In the Philippines, where divorce is illegal, women and children who can’t break free from unhealthy marriages are the ones affected the most. But a bill to allow for divorces in certain situations not only has to overcome legislative hurdles and arguments in favor of tradition, but also opposition from the Catholic Church.
The Philippines is the only country in the world, aside from Vatican City, where divorce remains illegal.
No bill on divorce has ever made it this far in Congress. The measure is the rare piece of legislation supported by representatives from both the majority and opposition parties in the House. A survey released this month found that 53 percent of Filipinos support legalizing divorce.
About 80 percent of Filipinos are Roman Catholic, and previous attempts to pass a divorce bill have faltered under the influence of the Catholic Church here, which vehemently opposes legislation that runs counter to its teachings.
The article tells the story of one woman who’s separated from her husband (in theory, anyway). Even though they haven’t been together in more than a decade, she has to continue using his last name and she gets no financial support for their son who lives with her.

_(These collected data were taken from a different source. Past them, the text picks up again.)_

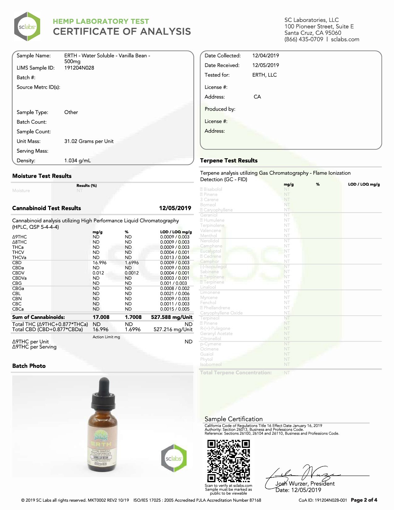 ERTH Hemp Nano-Emulsified Water Soluble CBD Vanilla Bean Lab Report documentation includes details in regards to vaping products.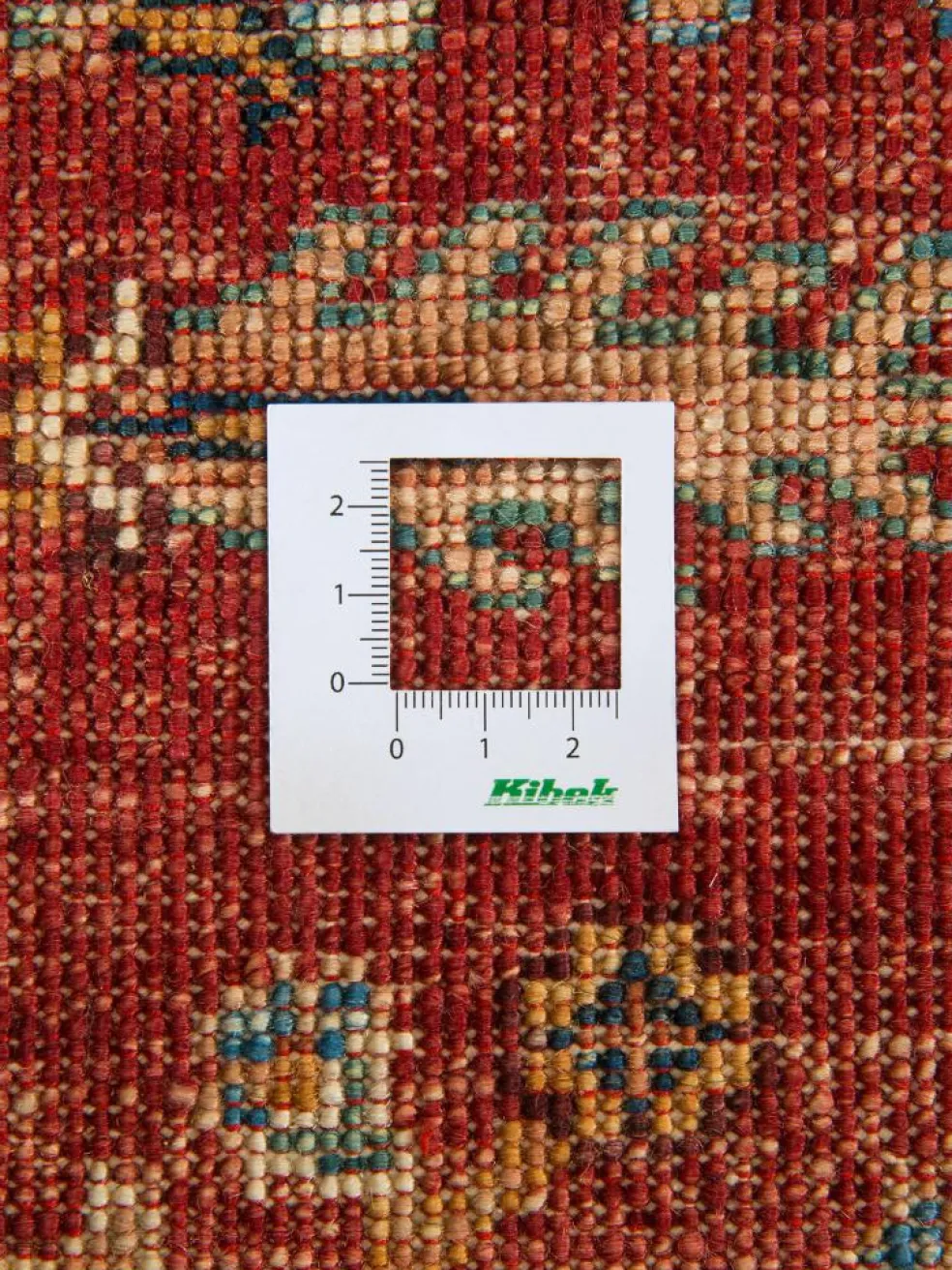 erinnert an einen üppig bewachsenen Garten mit geometrisch gegliederten, einzeln eingefassten Beeten zwischen denen die Bewässerungsgräben verlaufen. Durch den flachen und festen Flor ist der Teppich unempfindlich gegenüber den Belastungen des Alltags.- Das Besondere an diesemOrientteppich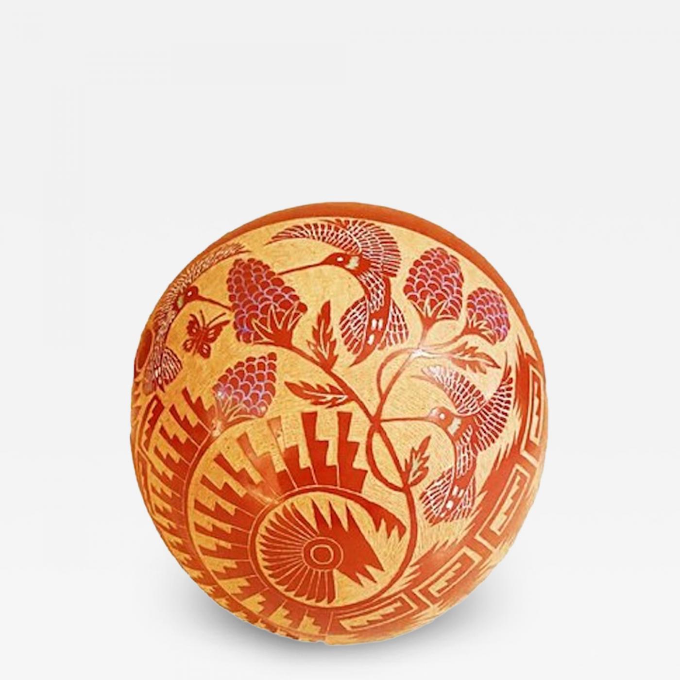 This small seed jar by Grace Medicine Flower is a fine example of sgraffito work. Grace Medicine Flower is one of the contemporary artists who excels at this technique. The jar is coiled, slipped and polished in the traditional manner. The design is then developed by “scraping away” layers of the slip. It is very difficult to do this technique, as the artist has to be careful not to cut too deeply into the coil or the pot will be ruined. Firing is done in the traditional manner, over an open fire. -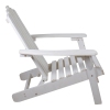 White folding wooden Adirondack chair. Deep seat creates a cradling feeling. Weather resistant allows you to use both indoors and outdoors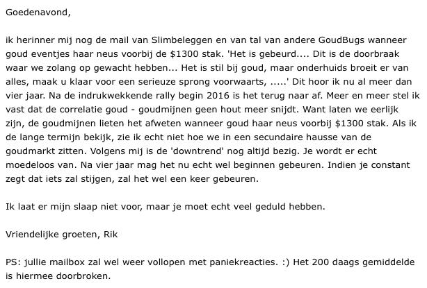 Wij kregen vandaag een interessante e-mail in onze inbox. Het was van onze collega site slimbeleggen.com. Zij kregen een reactie van een van hun lezers die teleurgesteld reageerde op de recente ontwikkeling van de goudprijs. Die zakt in de afgelopen dagen door een technisch steunniveau waardoor de koers flink onder druk kwam. “De constante teleurstelling begint zwaar te wegen op de stemming, van de ‘goudgemeenschap’. Beleggers in goud, die al jaren wachten op de uitbraak, zijn het wachten stilaan zat”, aldus slimbeleggen.

If divorce is illegal, the least the Philippine government could do is force deadbeat dads to pay child support. For a law that’s supposedly for the benefit of families, it’s causing the precise opposite effect. You would think the Church would want to fix a problem of their own creation — but if history is precedent, they’ll oppose this bill, too.
They’re all for the “sanctity of marriage,” even if certain marriages create more problems than they solve.